Data shown Start Marker

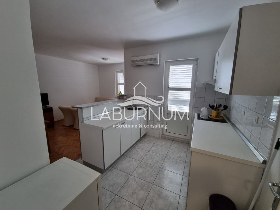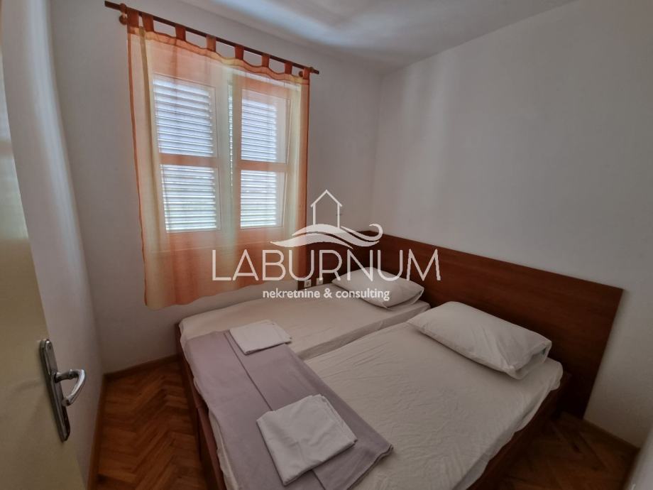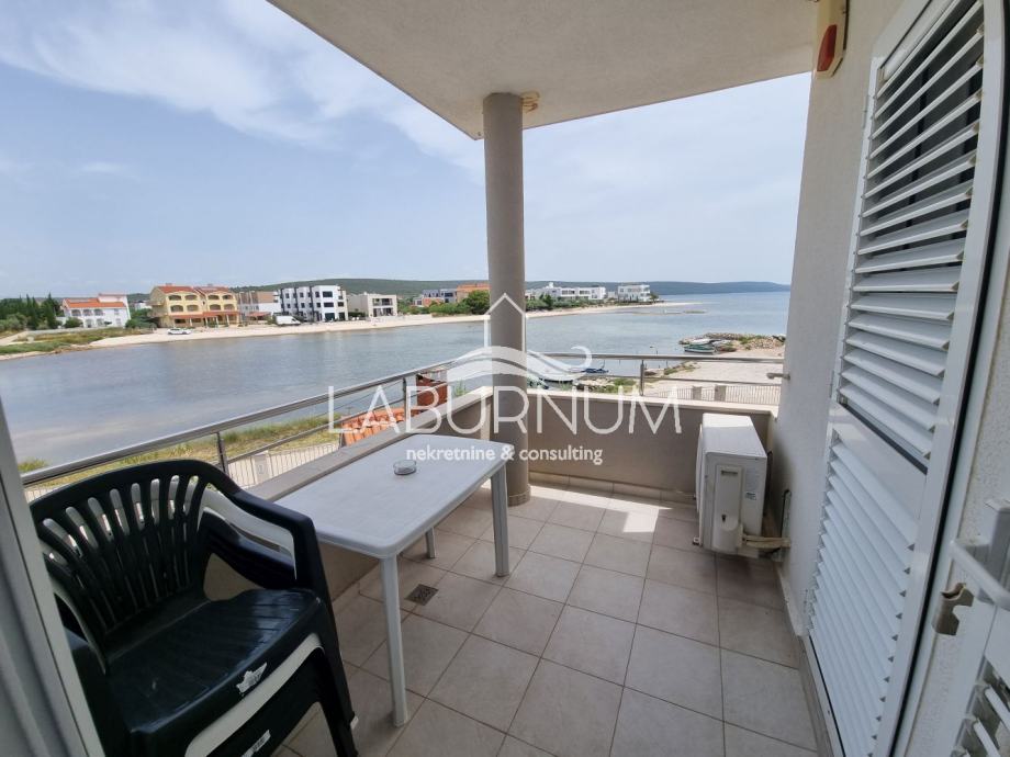Prodaje se apartman smješten na 2. katu stambene zgrade, 1. red uz more, 20 m udaljen od uređene plaže, kompletno namješten, sa dvije spavaće sobe, kupatilom, kuhinjom i dnevnim boravkom, balkonom, spremištem i 2 parkirna mjesta. Kompletna dokumentacija uredna ( vlasništvo, građevinska i uporabna dozvola).
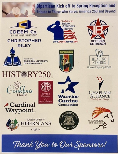 Please see attached from last night’s Bipartisan Tribute to Service.  This annual event brings together several veteran organizations and raises awareness and funds for Warrior Canine Connection (WCC).  The WCC raises and trains service dogs for veterans.  I am proud to say that the AOH was a donor this year, which increases awareness/recruiting and our image for veteran support.
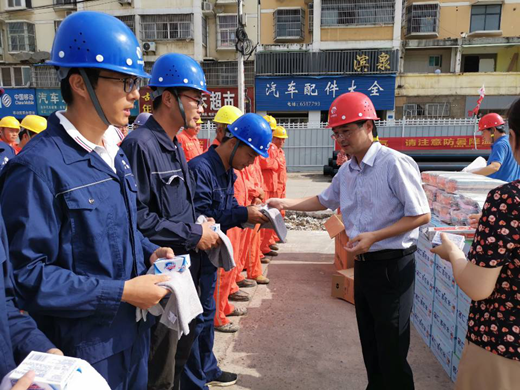 随后领导们为现场工人发放慰问品,大家收到慰问品都热情高涨,在炎热中感受到丝丝凉意,更加的不畏酷暑,积极努力的工作,为临泉建设的更美好多出一份力量。
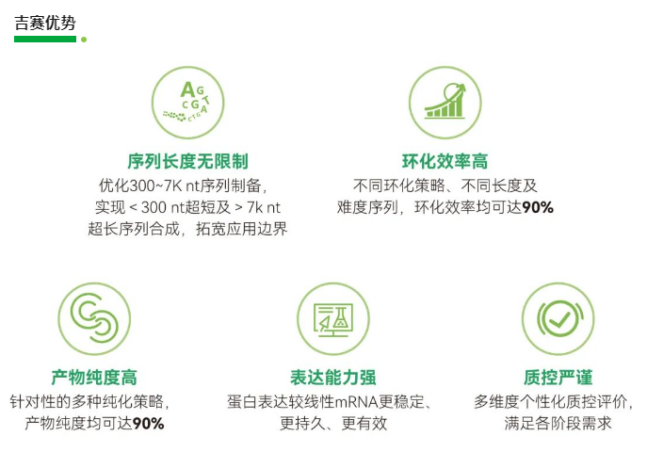 吉赛生物拥有RNA环化专利技术,分别为基于I型内含子自剪接法circPrecise®和基于T4连接酶法的circPure®,可实现精准高效的circRNA体外环化。此外,吉赛生物通过分析IVT circRNA产物杂质组分和含量,采用多种针对性层析纯化策略;再使用RNase R辅助纯化,所用的RNase R为吉赛生物自主研发,经过优化的RNase R消化能力更强、效率更高、综合性能更佳,用于IVT circRNA产物纯化可降本增效。

Data shown End Marker

_Exercise instructions_: The data above should be repeated exactly, minus any pictures.

_Response to this exercise_:
Prodaje se apartman smješten na 2. katu stambene zgrade, 1. red uz more, 20 m udaljen od uređene plaže, kompletno namješten, sa dvije spavaće sobe, kupatilom, kuhinjom i dnevnim boravkom, balkonom, spremištem i 2 parkirna mjesta. Kompletna dokumentacija uredna ( vlasništvo, građevinska i uporabna dozvola).
 Please see attached from last night’s Bipartisan Tribute to Service.  This annual event brings together several veteran organizations and raises awareness and funds for Warrior Canine Connection (WCC).  The WCC raises and trains service dogs for veterans.  I am proud to say that the AOH was a donor this year, which increases awareness/recruiting and our image for veteran support.
 随后领导们为现场工人发放慰问品,大家收到慰问品都热情高涨,在炎热中感受到丝丝凉意,更加的不畏酷暑,积极努力的工作,为临泉建设的更美好多出一份力量。
 吉赛生物拥有RNA环化专利技术,分别为基于I型内含子自剪接法circPrecise®和基于T4连接酶法的circPure®,可实现精准高效的circRNA体外环化。此外,吉赛生物通过分析IVT circRNA产物杂质组分和含量,采用多种针对性层析纯化策略;再使用RNase R辅助纯化,所用的RNase R为吉赛生物自主研发,经过优化的RNase R消化能力更强、效率更高、综合性能更佳,用于IVT circRNA产物纯化可降本增效。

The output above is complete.